The comedian hosts the popular series which dissects advertising, marketing and spin alongside industry experts Todd Sampson and Russel Howcroft.
Prime Minister Malcolm Turnbull's early call for the 2016 Federal election derailed the show's plans to produce an entirely politically focused 2016 season.
With the show's busy stars blocking out a particular time of year for the show, they weren't able to adjust their schedules to film any earlier.
"He's actually my local member and he (expletive) my year," Anderson tells APN's The Guide.
"I also had more Tony Abbott jokes than Malcolm jokes so he's screwed me twice."
The drama turned out to be a blessing in disguise though.
"Sometimes you don't know what's best for you," he says. "Having been overseas and watching it from a distance, I'm so glad we didn't do an election show.
"There's never been a longer, more boring, overly-examined election. We like to find angles nobody else is focusing on and it would have been incredibly difficult to do that. Instead of having to talk about the election each week we can go 'is there anything interesting in the world of politics we have to talk about?' If not then we don't have to."
Instead, Anderson, Sampson, Howcroft and their rotating roster of special guests will analyse major events, including the Rio Olympics and America's Presidential Election race.
"This US election is one of the most fascinating things of all time," Anderson says.
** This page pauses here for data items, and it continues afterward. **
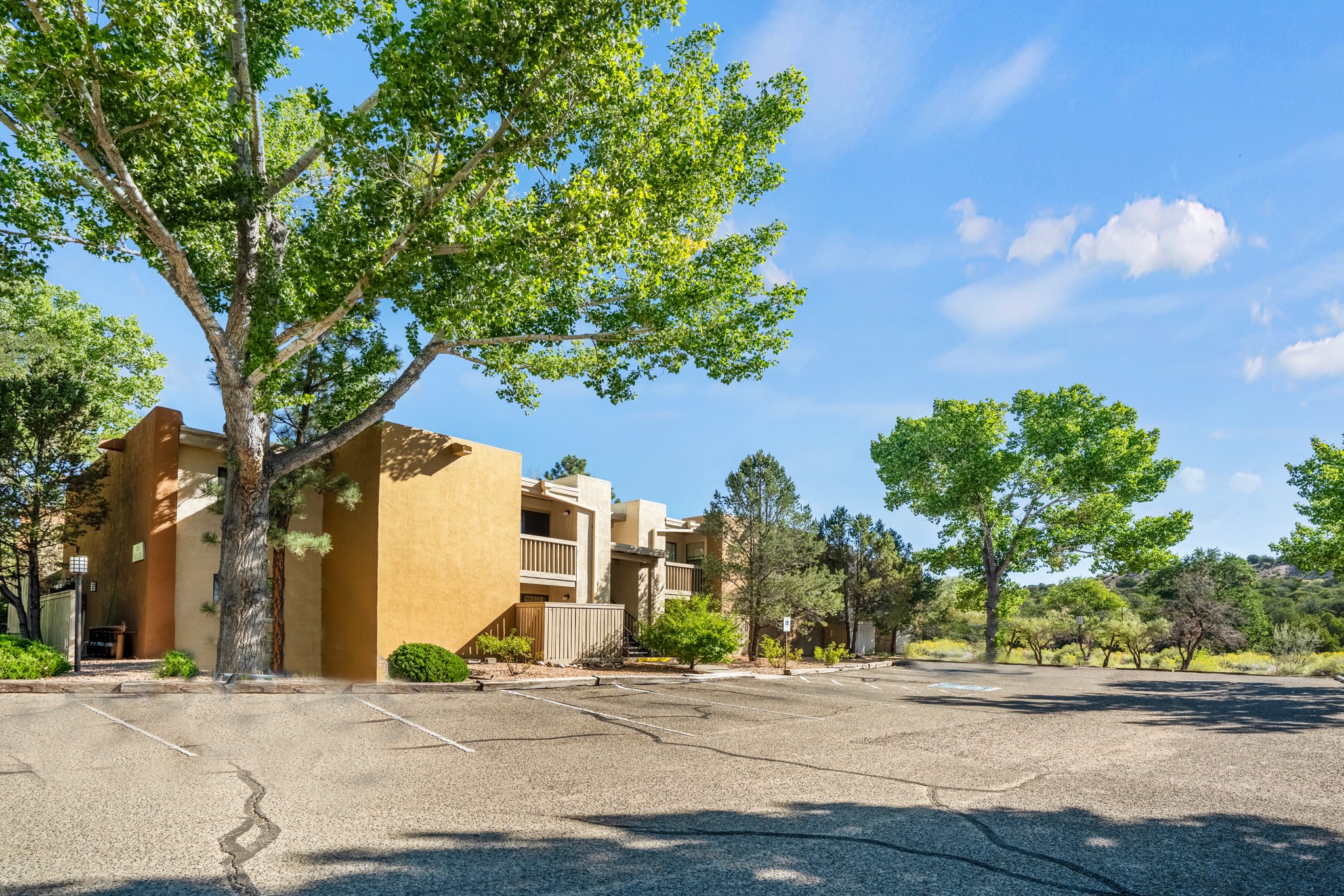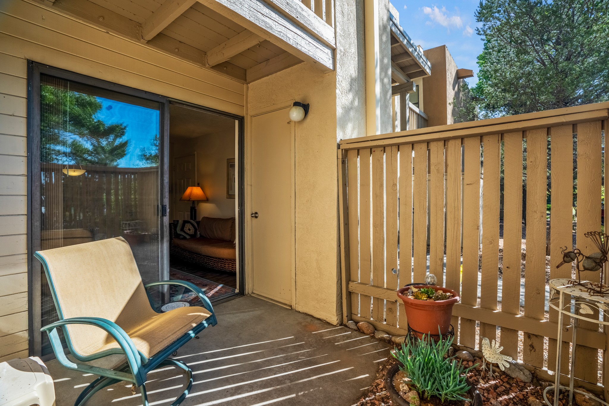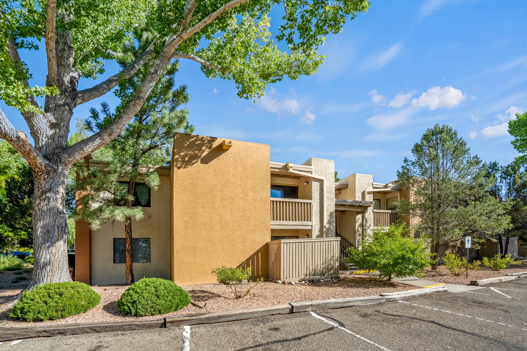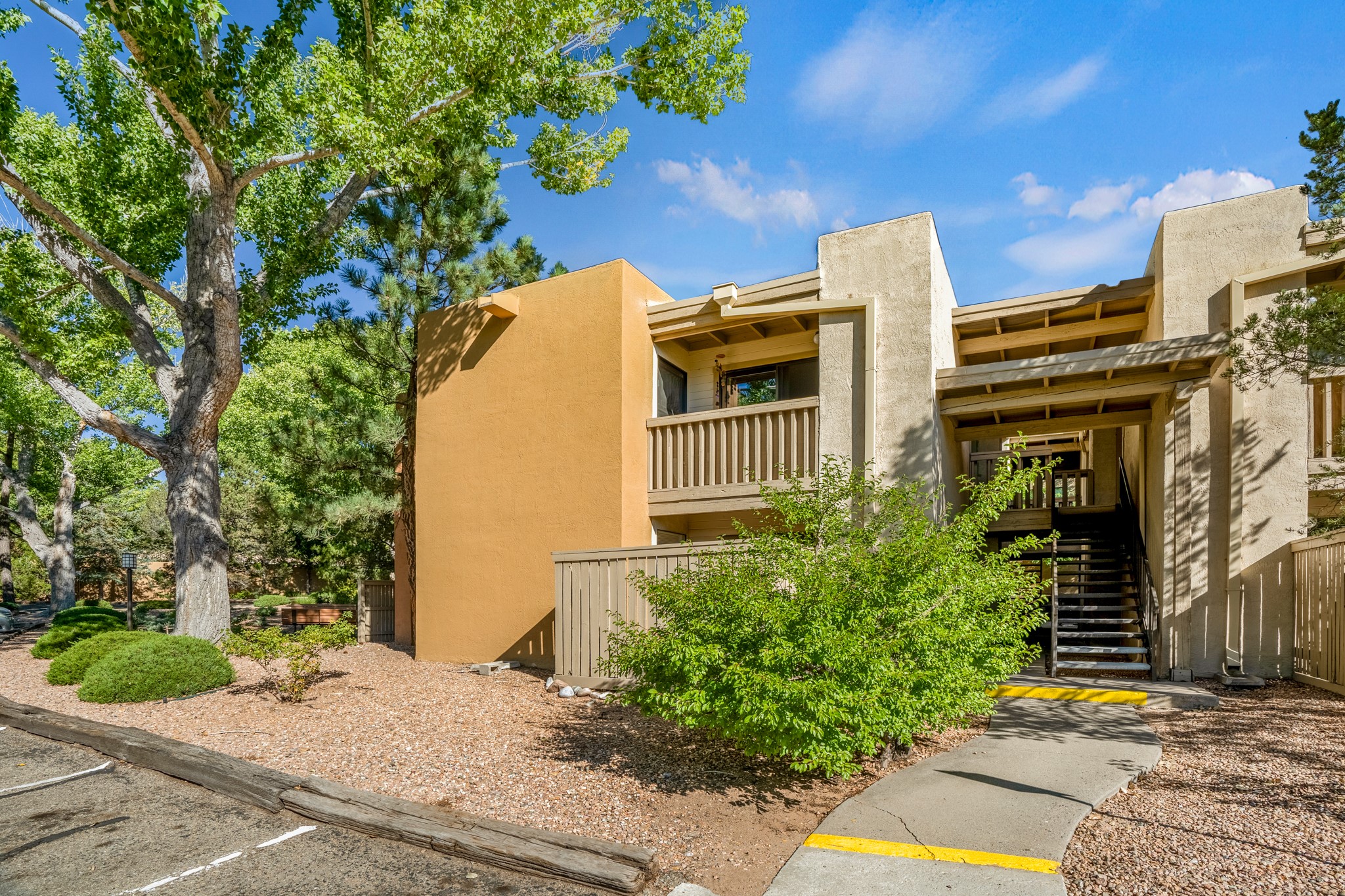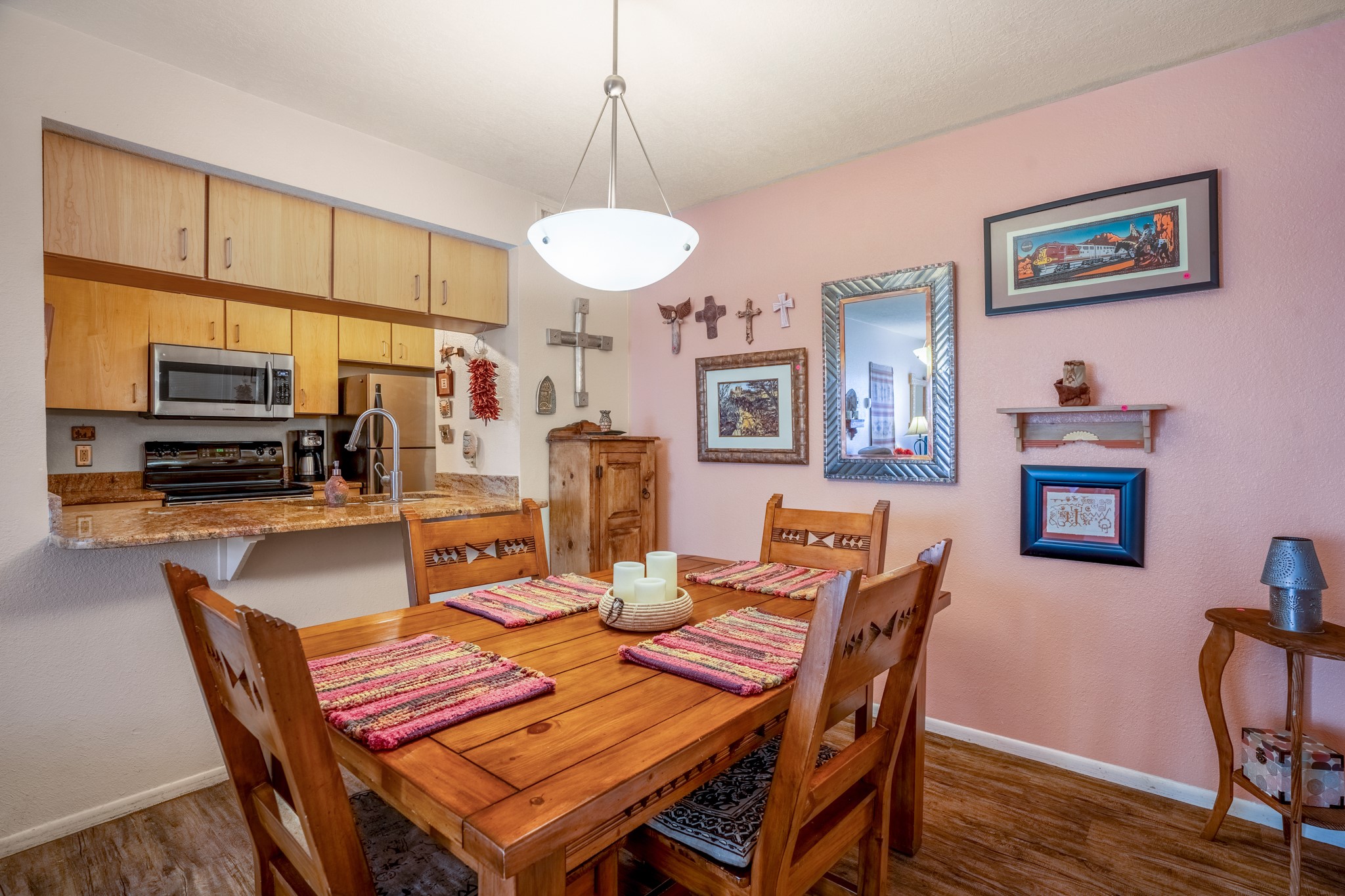 LOCATION, LOCATION , LOCATION...... This charming, 2 bedroom, 2 bath, ground floor unit is in the first building to the right as you enter the compound overlooking beautiful, large shade trees, (not other buildings) offering tons of privacy. It is right next to the walking trails, easy access to all of the Reserve Compound's amenities. The Reserve offers a year round swimming pool, a hot tub, fitness center, a mail center and laundry facilities on 16 acres of a mature park-like setting with privacy, ample car and bicycle parking (small pets 25 lbs and under are allowed). All this just minutes from the Historic Plaza, downtown area and exciting RailYard Area!This unit is being offered fully furnished (a few pieces and some art will not stay). It has been updated with granite counter tops in the kitchen and both bathrooms, the vinyl wood flooring is newer)....many special touches throughout. The patio area is very inviting and private. Roof, stucco, and landscaping are maintained by the HOA. No rentals are allowed under 30 days within the HOA. For more information, check out: https://www.reserveatsantafe.org/condos-available.html
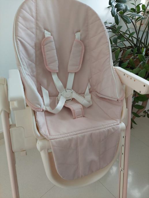 Potpuno očuvana i uredna hranilica, bez oštećenja. Prilagodljiva po visini, kao i po nagibu naslona i stepenice za noge, Vrlo jednostavna i praktična za korištenje. Sklopiva, zauzima malo mjesta. Stolić se može potpuno maknuti pa se dugo može koristiti kao stolac za blagavaonski stol. Navlaka je periva u vešmašini.
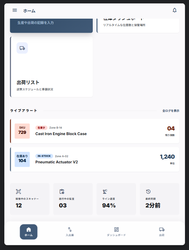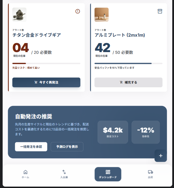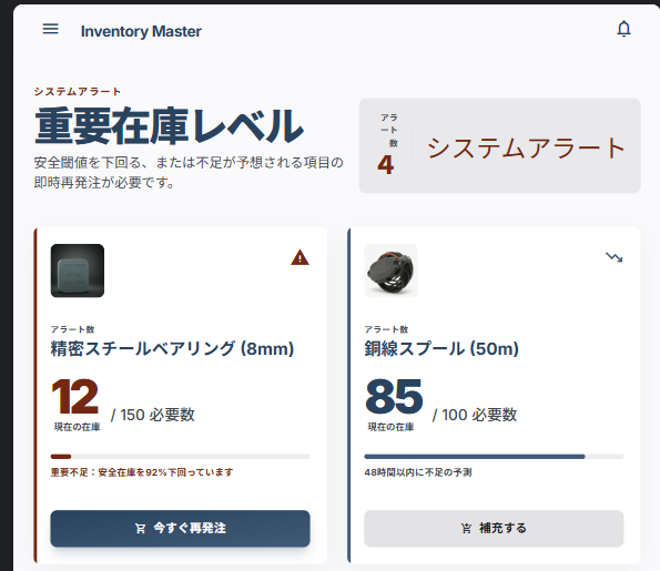 例えば「精密スチールベアリング(8mm)」のカードには、現在の在庫数「12個」と必要数「150個」が大きく表示され、「安全在庫を92%下回っています」というアラートが出ています。
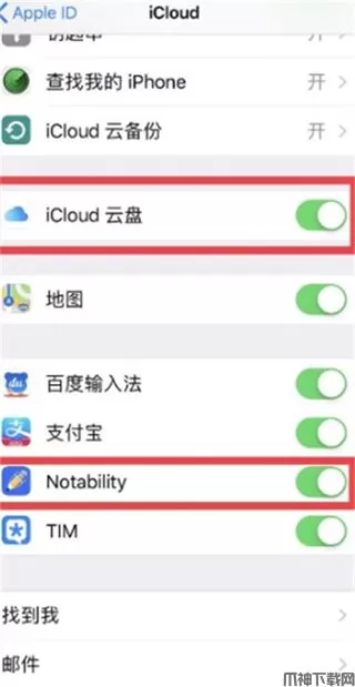 3、进入之后,找到icloud云盘然后开启右侧的滑块,在找到notability的“开启右侧的滑块”。

"You have an actual brand -Trump. The name is on the building; that is his brand. So there's a brand running against the biggest American political establishment brand - the Clintons.
"Trump is this outrageous figure who does everything a brand would never do, and then you have this play-it-safe, old-school, corporate brand of the Clintons.
"The interesting thing is many people have already locked in their opinions about them, which begs the question of would negative campaigning even work? What would you say about Trump that he hasn't already said about himself?"
Anderson also reveals the show's witty banter comes from an extensive rehearsal period.
"The first time we did Gruen we did trial shows testing me and the guests," he says.
"We've just kept that system, partly as an exercise because there's such a big gap between seasons and also to audition new guests. We do four (trial) panel shows and we run 16 new guests through. We feel like we're rewarded by that in the show."
Gruen premieres tonight at 8.30pm on ABC1.